Exact copies of the lines below, from the one with "The 1 Corinthians" up to and including the one with "This bingo card", are what this calls for; leave out pictures.

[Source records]
<<<<

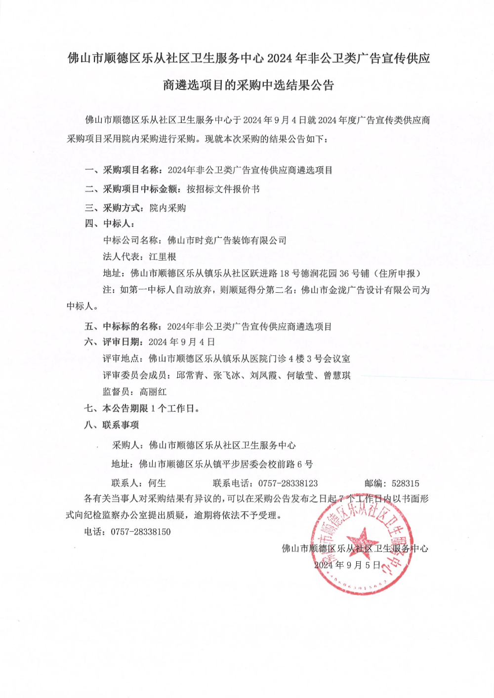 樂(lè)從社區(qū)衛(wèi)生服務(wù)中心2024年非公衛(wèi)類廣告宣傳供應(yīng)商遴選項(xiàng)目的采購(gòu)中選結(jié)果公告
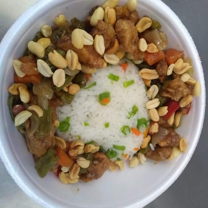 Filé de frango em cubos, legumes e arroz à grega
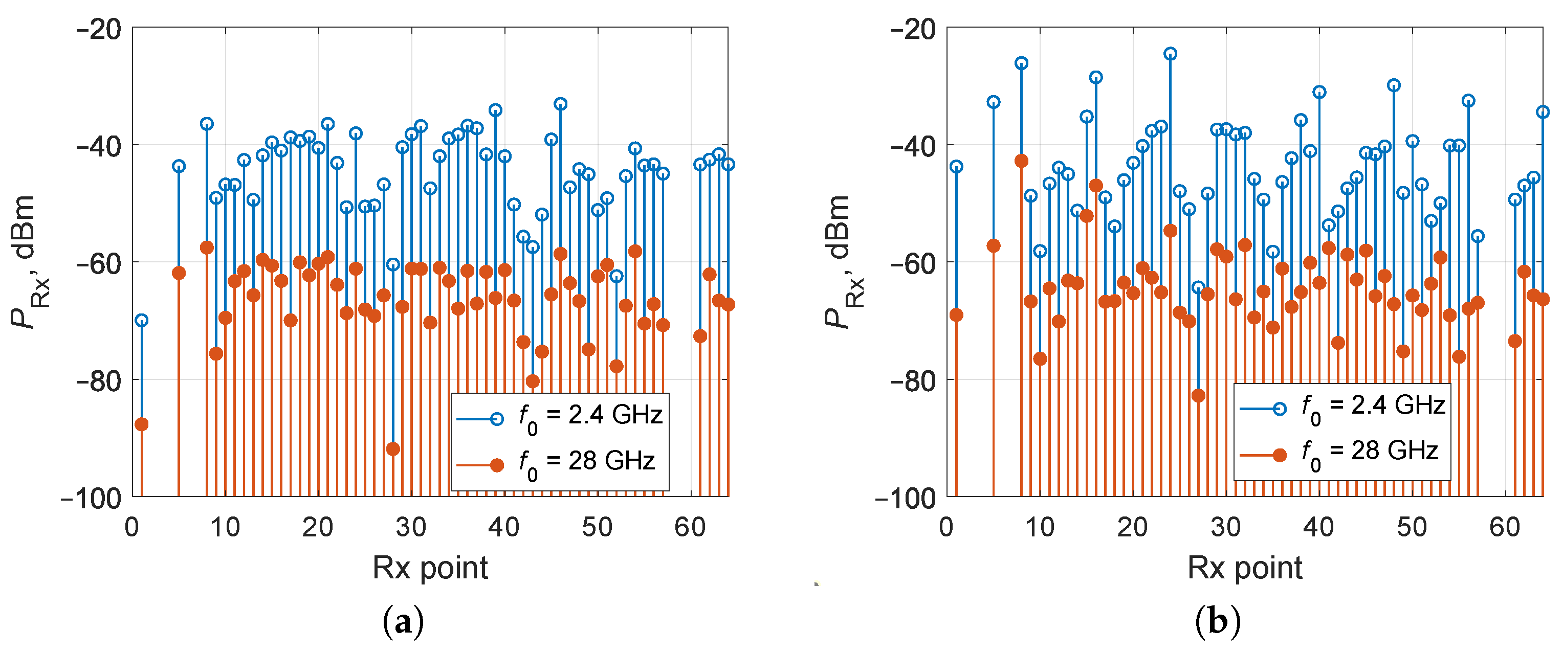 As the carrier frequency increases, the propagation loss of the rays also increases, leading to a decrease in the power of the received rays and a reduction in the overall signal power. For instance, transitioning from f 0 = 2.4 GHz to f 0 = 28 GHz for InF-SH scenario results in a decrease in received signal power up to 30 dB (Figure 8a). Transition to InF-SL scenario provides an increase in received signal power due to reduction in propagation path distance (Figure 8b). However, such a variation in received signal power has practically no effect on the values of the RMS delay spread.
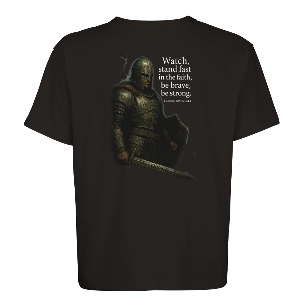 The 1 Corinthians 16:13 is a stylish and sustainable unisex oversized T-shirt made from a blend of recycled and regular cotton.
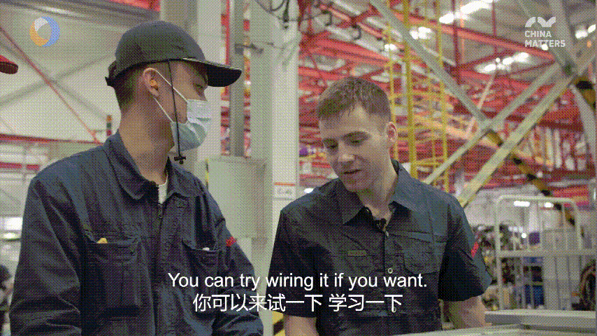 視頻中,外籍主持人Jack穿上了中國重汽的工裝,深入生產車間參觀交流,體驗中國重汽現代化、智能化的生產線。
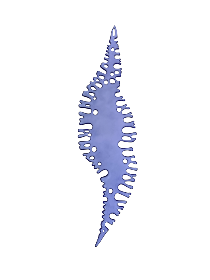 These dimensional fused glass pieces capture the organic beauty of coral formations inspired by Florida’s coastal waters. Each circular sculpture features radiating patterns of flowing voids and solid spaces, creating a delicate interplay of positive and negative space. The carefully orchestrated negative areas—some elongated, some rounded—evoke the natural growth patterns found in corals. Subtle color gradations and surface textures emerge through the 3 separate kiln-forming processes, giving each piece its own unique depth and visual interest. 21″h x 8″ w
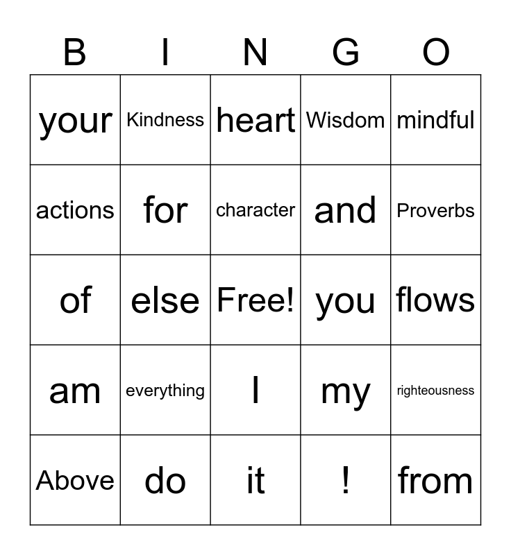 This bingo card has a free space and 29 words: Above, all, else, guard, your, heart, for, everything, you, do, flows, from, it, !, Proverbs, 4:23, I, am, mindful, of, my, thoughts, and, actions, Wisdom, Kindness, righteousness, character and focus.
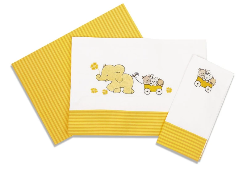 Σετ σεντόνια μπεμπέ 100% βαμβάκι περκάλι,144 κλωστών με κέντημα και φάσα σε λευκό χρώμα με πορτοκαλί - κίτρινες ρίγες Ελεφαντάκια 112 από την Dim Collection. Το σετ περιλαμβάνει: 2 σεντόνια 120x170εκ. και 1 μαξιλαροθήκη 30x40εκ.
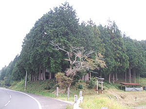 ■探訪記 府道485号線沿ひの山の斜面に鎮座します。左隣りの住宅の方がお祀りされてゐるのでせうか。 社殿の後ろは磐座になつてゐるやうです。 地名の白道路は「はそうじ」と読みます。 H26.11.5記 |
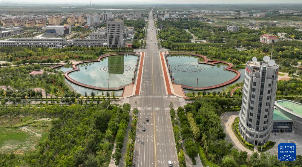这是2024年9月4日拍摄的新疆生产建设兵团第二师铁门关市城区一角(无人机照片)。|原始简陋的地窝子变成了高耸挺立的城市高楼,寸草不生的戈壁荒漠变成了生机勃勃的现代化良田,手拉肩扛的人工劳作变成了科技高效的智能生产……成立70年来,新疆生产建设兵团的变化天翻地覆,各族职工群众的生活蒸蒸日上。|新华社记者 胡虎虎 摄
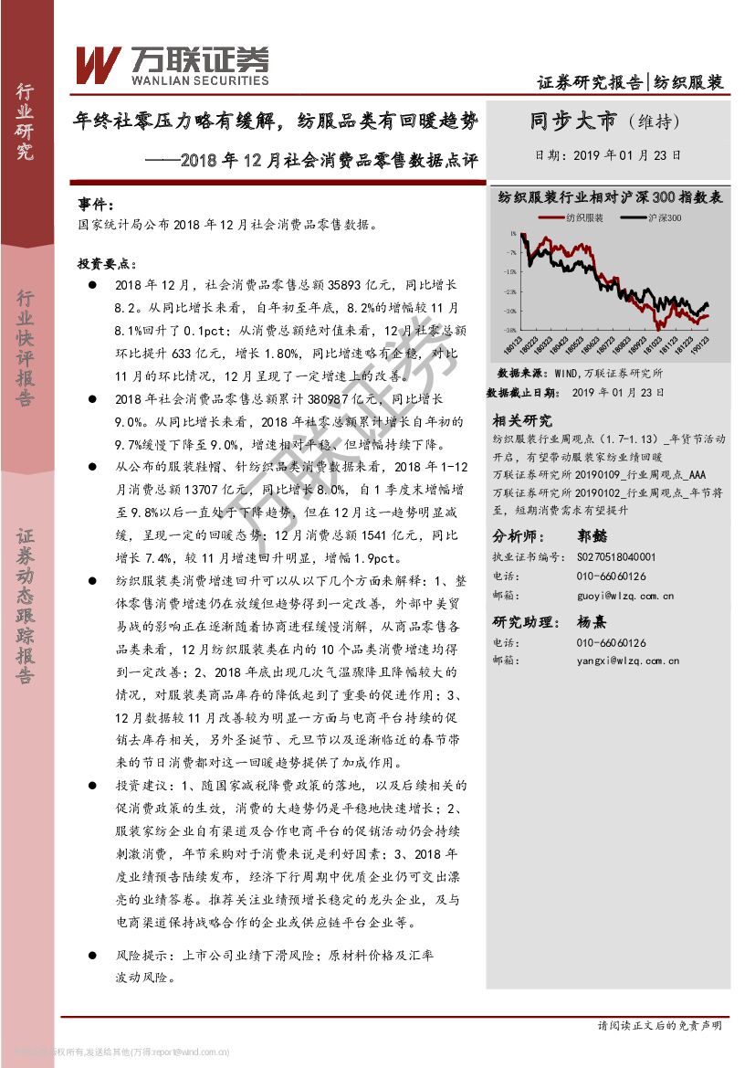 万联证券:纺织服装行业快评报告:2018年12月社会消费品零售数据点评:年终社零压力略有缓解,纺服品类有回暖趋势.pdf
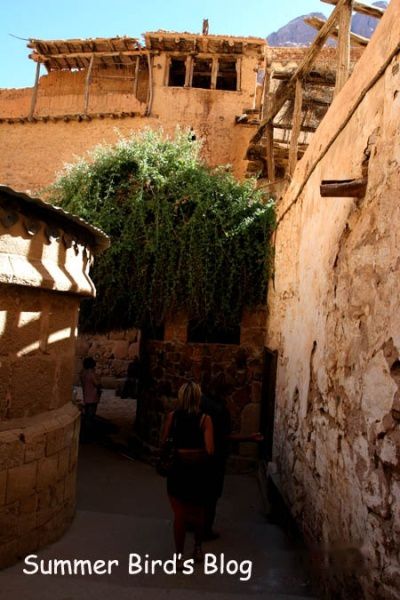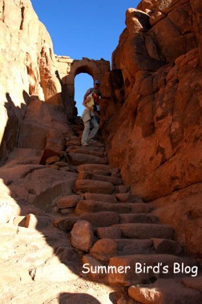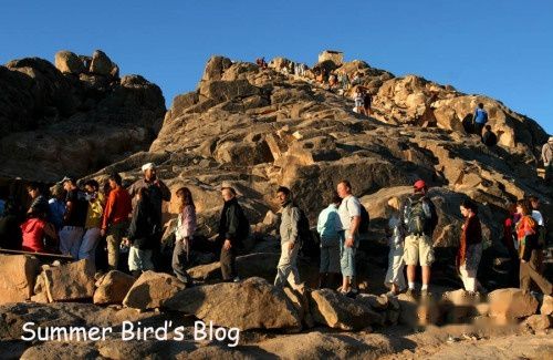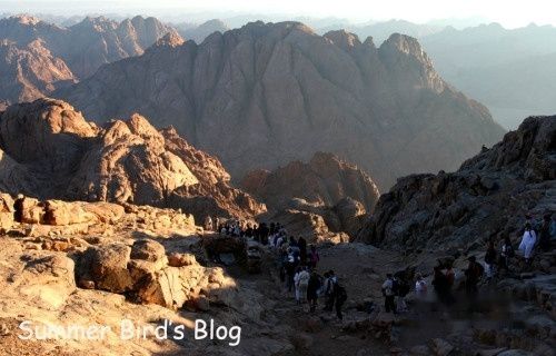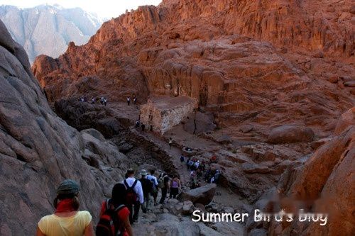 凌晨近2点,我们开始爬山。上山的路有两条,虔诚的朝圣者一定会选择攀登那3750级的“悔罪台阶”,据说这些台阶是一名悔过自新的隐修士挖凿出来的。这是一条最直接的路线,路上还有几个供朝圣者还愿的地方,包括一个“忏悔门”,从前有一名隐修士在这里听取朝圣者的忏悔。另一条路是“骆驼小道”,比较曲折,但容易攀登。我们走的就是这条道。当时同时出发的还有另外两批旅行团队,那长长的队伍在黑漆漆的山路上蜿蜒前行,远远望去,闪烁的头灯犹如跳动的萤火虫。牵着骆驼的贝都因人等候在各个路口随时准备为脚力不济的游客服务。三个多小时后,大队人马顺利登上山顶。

>>>>

» **Exercise result**
 The 1 Corinthians 16:13 is a stylish and sustainable unisex oversized T-shirt made from a blend of recycled and regular cotton.
 視頻中,外籍主持人Jack穿上了中國重汽的工裝,深入生產車間參觀交流,體驗中國重汽現代化、智能化的生產線。
 These dimensional fused glass pieces capture the organic beauty of coral formations inspired by Florida’s coastal waters. Each circular sculpture features radiating patterns of flowing voids and solid spaces, creating a delicate interplay of positive and negative space. The carefully orchestrated negative areas—some elongated, some rounded—evoke the natural growth patterns found in corals. Subtle color gradations and surface textures emerge through the 3 separate kiln-forming processes, giving each piece its own unique depth and visual interest. 21″h x 8″ w
 This bingo card has a free space and 29 words: Above, all, else, guard, your, heart, for, everything, you, do, flows, from, it, !, Proverbs, 4:23, I, am, mindful, of, my, thoughts, and, actions, Wisdom, Kindness, righteousness, character and focus.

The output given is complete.